## TASK DIRECTIONS
Take from the entries below the stretch from the line with "Einfach, sauber, vielseitig" through the line with "Pendleton Red Tartan", and return it exactly, leaving the pictures out.

## SUPPLIED RECORDS
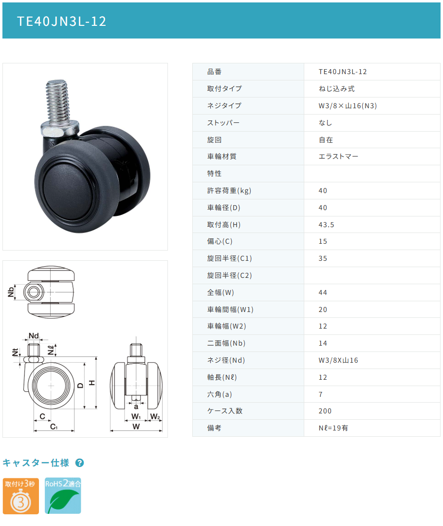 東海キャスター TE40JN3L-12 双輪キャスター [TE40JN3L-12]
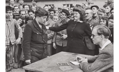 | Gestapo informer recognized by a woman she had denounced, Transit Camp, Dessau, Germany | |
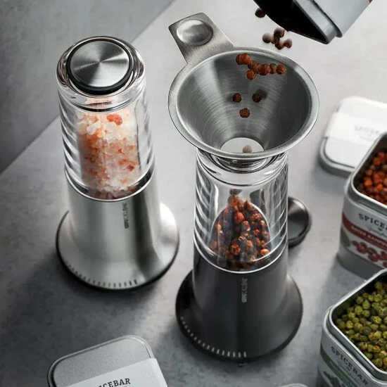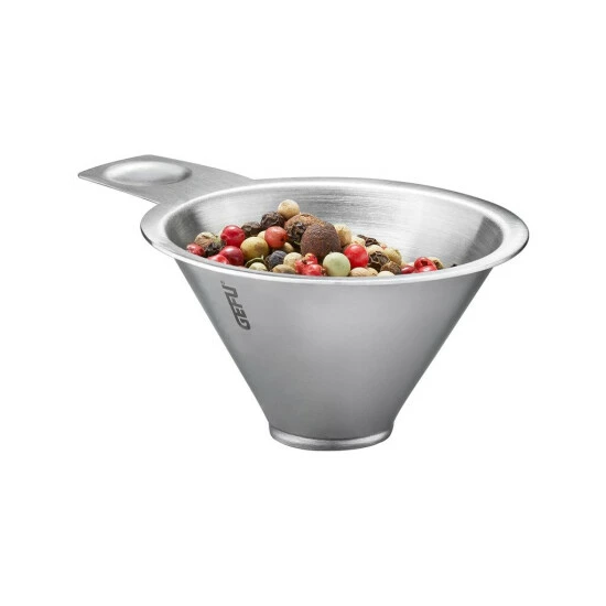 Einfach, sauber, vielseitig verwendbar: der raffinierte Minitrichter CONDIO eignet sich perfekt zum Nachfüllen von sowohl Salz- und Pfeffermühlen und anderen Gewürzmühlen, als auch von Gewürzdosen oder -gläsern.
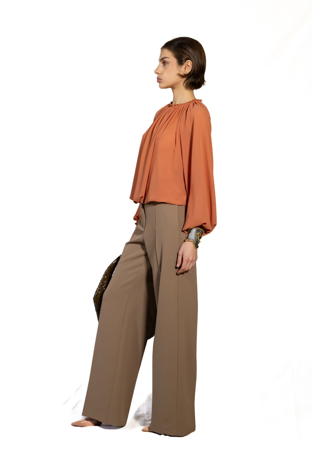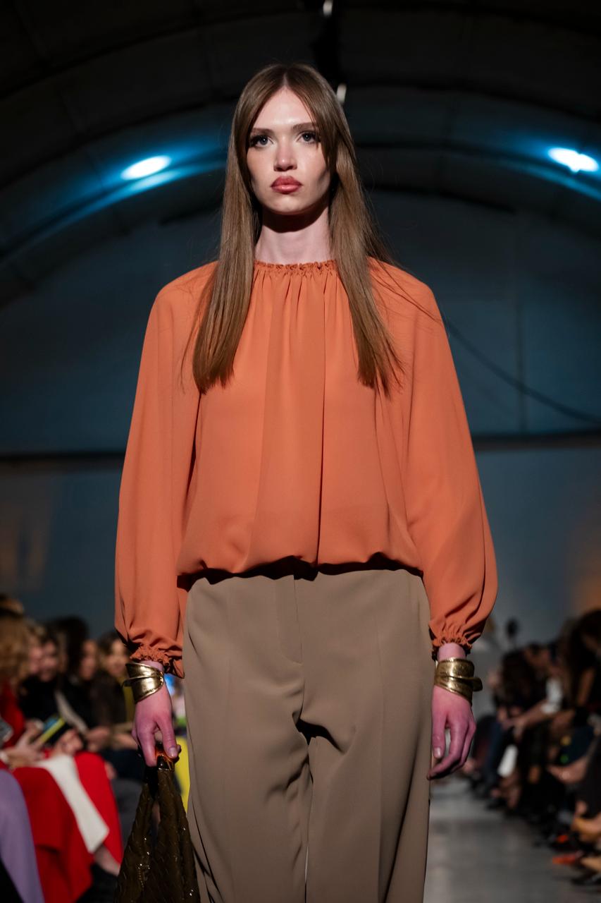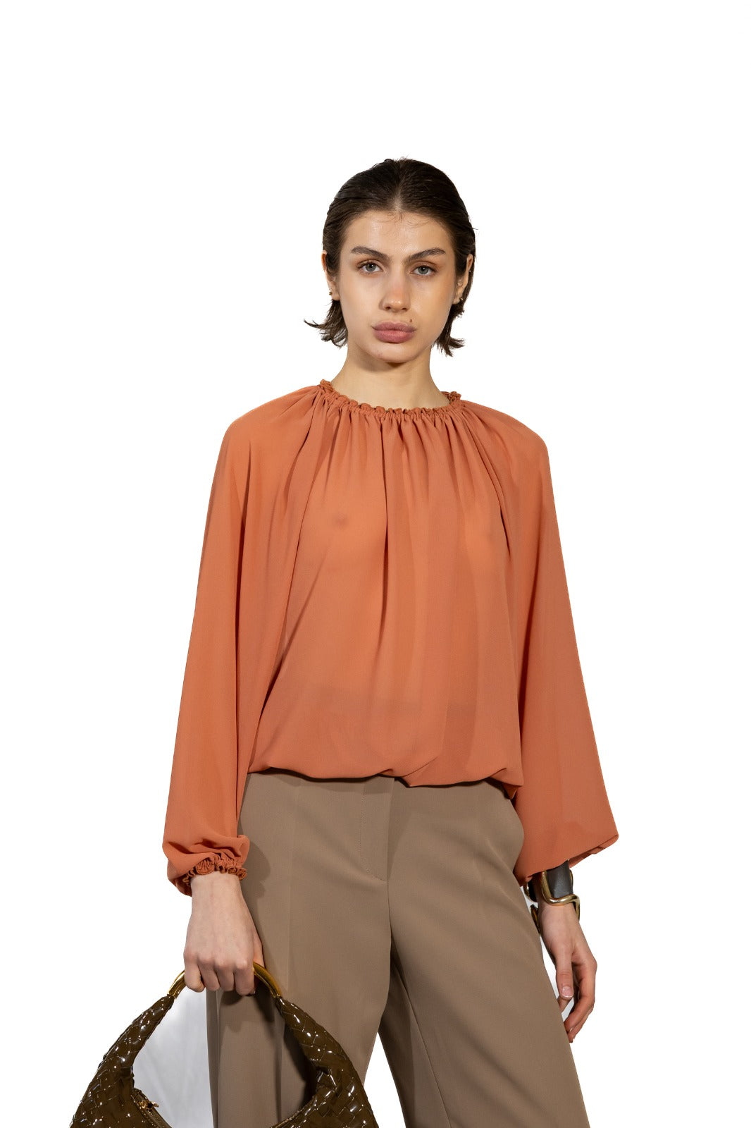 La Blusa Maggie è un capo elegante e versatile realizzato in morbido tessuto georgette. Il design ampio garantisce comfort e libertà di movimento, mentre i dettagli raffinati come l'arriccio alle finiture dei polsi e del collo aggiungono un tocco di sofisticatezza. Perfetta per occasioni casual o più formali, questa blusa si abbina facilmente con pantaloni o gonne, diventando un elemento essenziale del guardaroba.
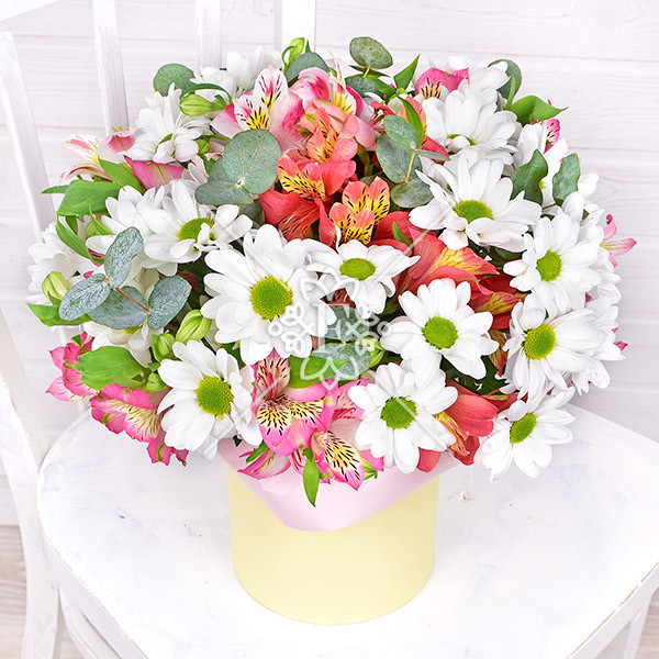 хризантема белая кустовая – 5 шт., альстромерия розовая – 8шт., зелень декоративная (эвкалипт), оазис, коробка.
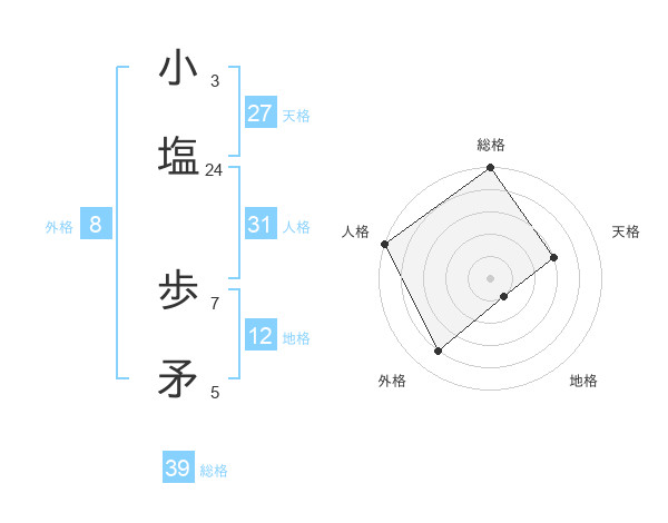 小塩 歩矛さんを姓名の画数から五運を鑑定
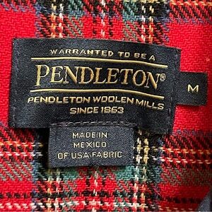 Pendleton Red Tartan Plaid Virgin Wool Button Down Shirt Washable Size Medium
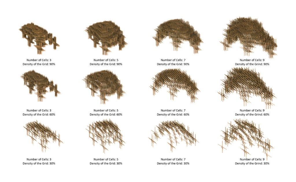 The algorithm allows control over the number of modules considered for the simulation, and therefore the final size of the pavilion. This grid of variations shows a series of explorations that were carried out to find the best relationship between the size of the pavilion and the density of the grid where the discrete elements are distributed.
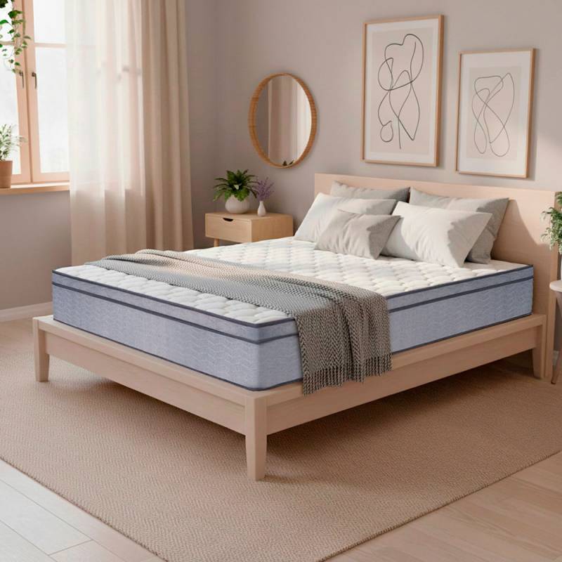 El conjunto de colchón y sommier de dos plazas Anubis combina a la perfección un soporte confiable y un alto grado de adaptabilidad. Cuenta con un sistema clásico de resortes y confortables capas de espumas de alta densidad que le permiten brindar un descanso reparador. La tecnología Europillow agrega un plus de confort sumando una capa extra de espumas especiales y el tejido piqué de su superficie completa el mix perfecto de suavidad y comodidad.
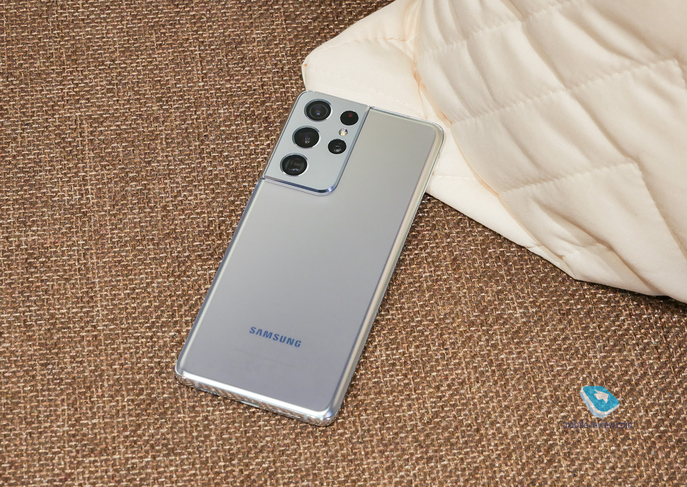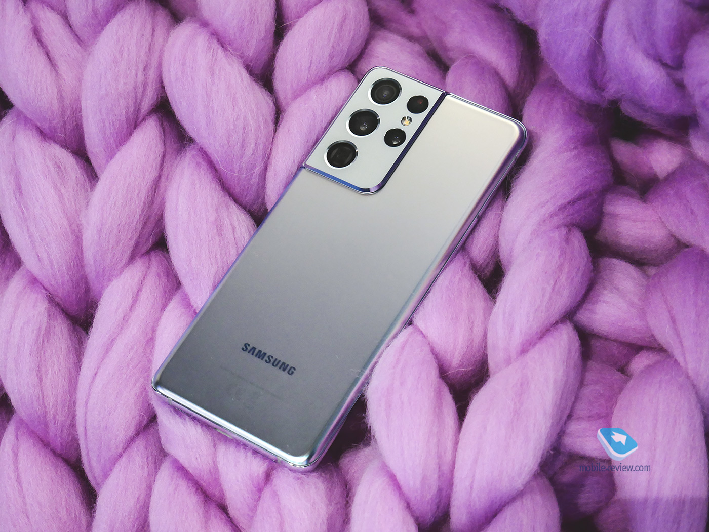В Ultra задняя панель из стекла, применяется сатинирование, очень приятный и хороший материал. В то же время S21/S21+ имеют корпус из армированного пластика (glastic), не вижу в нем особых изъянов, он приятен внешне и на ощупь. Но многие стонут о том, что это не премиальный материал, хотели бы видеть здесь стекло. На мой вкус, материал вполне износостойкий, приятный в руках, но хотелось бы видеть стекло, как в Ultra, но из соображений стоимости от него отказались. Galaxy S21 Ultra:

## THE ANSWER
 Einfach, sauber, vielseitig verwendbar: der raffinierte Minitrichter CONDIO eignet sich perfekt zum Nachfüllen von sowohl Salz- und Pfeffermühlen und anderen Gewürzmühlen, als auch von Gewürzdosen oder -gläsern.
 La Blusa Maggie è un capo elegante e versatile realizzato in morbido tessuto georgette. Il design ampio garantisce comfort e libertà di movimento, mentre i dettagli raffinati come l'arriccio alle finiture dei polsi e del collo aggiungono un tocco di sofisticatezza. Perfetta per occasioni casual o più formali, questa blusa si abbina facilmente con pantaloni o gonne, diventando un elemento essenziale del guardaroba.
 хризантема белая кустовая – 5 шт., альстромерия розовая – 8шт., зелень декоративная (эвкалипт), оазис, коробка.
 小塩 歩矛さんを姓名の画数から五運を鑑定
 Pendleton Red Tartan Plaid Virgin Wool Button Down Shirt Washable Size Medium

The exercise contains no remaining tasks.